IBM im Channel: Big Blue erfindet sich neu
Quelle: IBM

IBM im Channel: Big Blue erfindet sich neu

Nach wie vor kann man bei IBM grosse Hardware-Boxen kaufen. Aber gerade, wenn es um den Channel geht, hat sich das Unternehmen gewandelt und will neue Chancen finden.
5. Oktober 2023

     

IBM habe in den vergangenen Jahren drei grosse strategische Entwicklungsschritte gemacht, wie David Stokes, General Manager Partner Ecosystem EMEA (Bild) und Beverly Asante Puschmann, Principal Ecosystem Leader Switzerland von IBM (Bildergalerie), zu Beginn des Gesprächs erklären: Die Akquisition von Red Hat im Sommer 2019, das Abstossen der Managed-Infrastructure-Services-Sparte und die damit einhergehende Gründung des Spin-offs Kyndryl sowie die Transformation der Go-to-Market-Strategie von Big Blue. Letztere betrifft massgeblich den Channel, wie David Stokes anfügt: Denn IBM investiere derzeit stark in die Betreuung der eigenen Partner.

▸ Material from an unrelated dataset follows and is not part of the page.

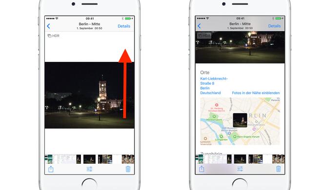 In iOS 10 hat Apple ordentlich an der Fotos-App gearbeitet. Diese analysiert nun sämtliche Fotos und lässt dadurch die Suche nach Personen, Orten sowie Objekten und Landschaften zu. Daneben verbirgt sich eine weitere Funktion in der Fotos-App. Öffnet man nämlich ein Foto, dann legt ein einfacher Wisch nach oben weitere Details zum Foto frei. Dies kann der Standort, die zusehenden Personen oder weitere zugehörige Aufnahmen sein. Viel Spass beim Entdecken.

Warum man die Vertriebsstrukturen des Traditionskonzerns einem so einschneidenden Facelifting unterzogen hat? Stokes: "Weil wir glauben, dass hybride Cloud-Plattformen gepaart mit Künstlicher Intelligenz für den ganzen Channel grosse Chancen bieten und das Kernstück der digitalen Transformation bei den Kunden sind."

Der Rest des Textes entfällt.